REQUIREMENT
Copy the listing exactly as given. Omit every picture.

#### EXTRACTED ENTRIES

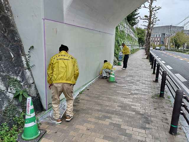 らくがきなくし隊の準備作業として、都市高速道路 橋脚部にある落書き落としを行いました。
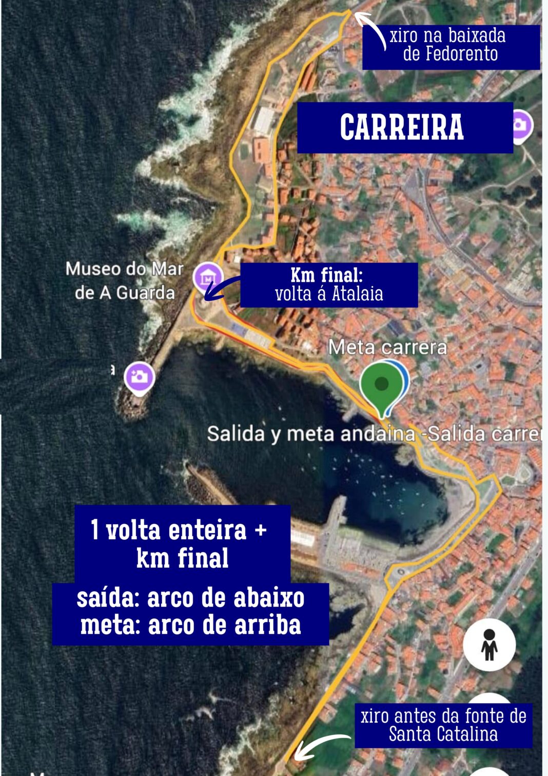 O percorrido da andaina será de 4km aproximadamente dando unha volta ao circuíto e rematando no mesmo punto de saída. Pola súa banda, a carreira será de 5km aproximadamente, continuando o percorrido dando volta na Atalaia antes de chegar á meta final.
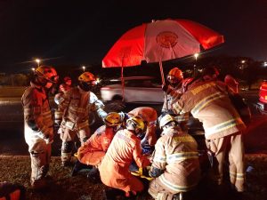 Um motociclista e sua passageira sofreram um acidente na noite desta terça-feira (20), na Asa Norte. De acordo com o Corpo de Bombeiros do Distrito Federal (CBMDF), as vítimas tiveram ferimentos leves, e foram levados para o Hospital de Base.
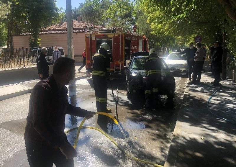 İçerisinde askerlerin bulunduğu otomobilde çıkan yangın paniğe neden oldu
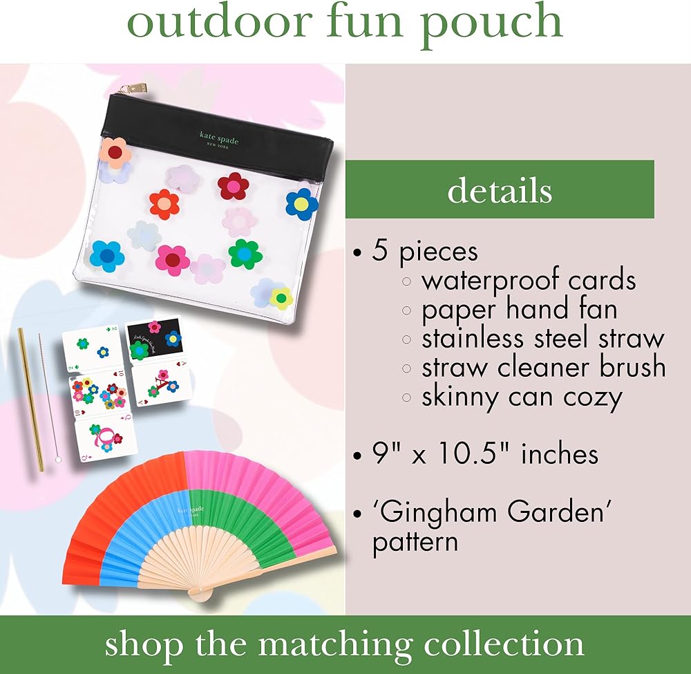 كيت سبيد نيويورك في الهواء الطلق في الهواء الطلق مع حقيبة واضحة ، ورقوب اللعب المقاومة للماء ، ومروحة الورق ، قش الفولاذ المقاوم للصدأ ، أنظف ، غينغهام حديقة
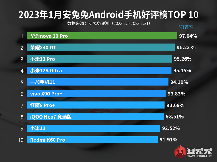 1. miejsce zajął Huawei nova 10 Pro, a 2. Honor X40 GT. W pierwszej trójce znalazł się flagowy smartfon Xiaomi 13 Pro, któremu udało się pokonać Xiaomi 12S Ultra. Debiutancki model firmy z aparatem Leica znalazł się na 4. pozycji, a niedawny OnePlus 11 na 5. Przy okazji OnePlus 11 był najwydajniejszym smartfonem początku 2023 roku według AnTuTu.

########

OUTPUT FOR THIS TASK
 らくがきなくし隊の準備作業として、都市高速道路 橋脚部にある落書き落としを行いました。
 O percorrido da andaina será de 4km aproximadamente dando unha volta ao circuíto e rematando no mesmo punto de saída. Pola súa banda, a carreira será de 5km aproximadamente, continuando o percorrido dando volta na Atalaia antes de chegar á meta final.
 Um motociclista e sua passageira sofreram um acidente na noite desta terça-feira (20), na Asa Norte. De acordo com o Corpo de Bombeiros do Distrito Federal (CBMDF), as vítimas tiveram ferimentos leves, e foram levados para o Hospital de Base.
 İçerisinde askerlerin bulunduğu otomobilde çıkan yangın paniğe neden oldu
 كيت سبيد نيويورك في الهواء الطلق في الهواء الطلق مع حقيبة واضحة ، ورقوب اللعب المقاومة للماء ، ومروحة الورق ، قش الفولاذ المقاوم للصدأ ، أنظف ، غينغهام حديقة
 1. miejsce zajął Huawei nova 10 Pro, a 2. Honor X40 GT. W pierwszej trójce znalazł się flagowy smartfon Xiaomi 13 Pro, któremu udało się pokonać Xiaomi 12S Ultra. Debiutancki model firmy z aparatem Leica znalazł się na 4. pozycji, a niedawny OnePlus 11 na 5. Przy okazji OnePlus 11 był najwydajniejszym smartfonem początku 2023 roku według AnTuTu.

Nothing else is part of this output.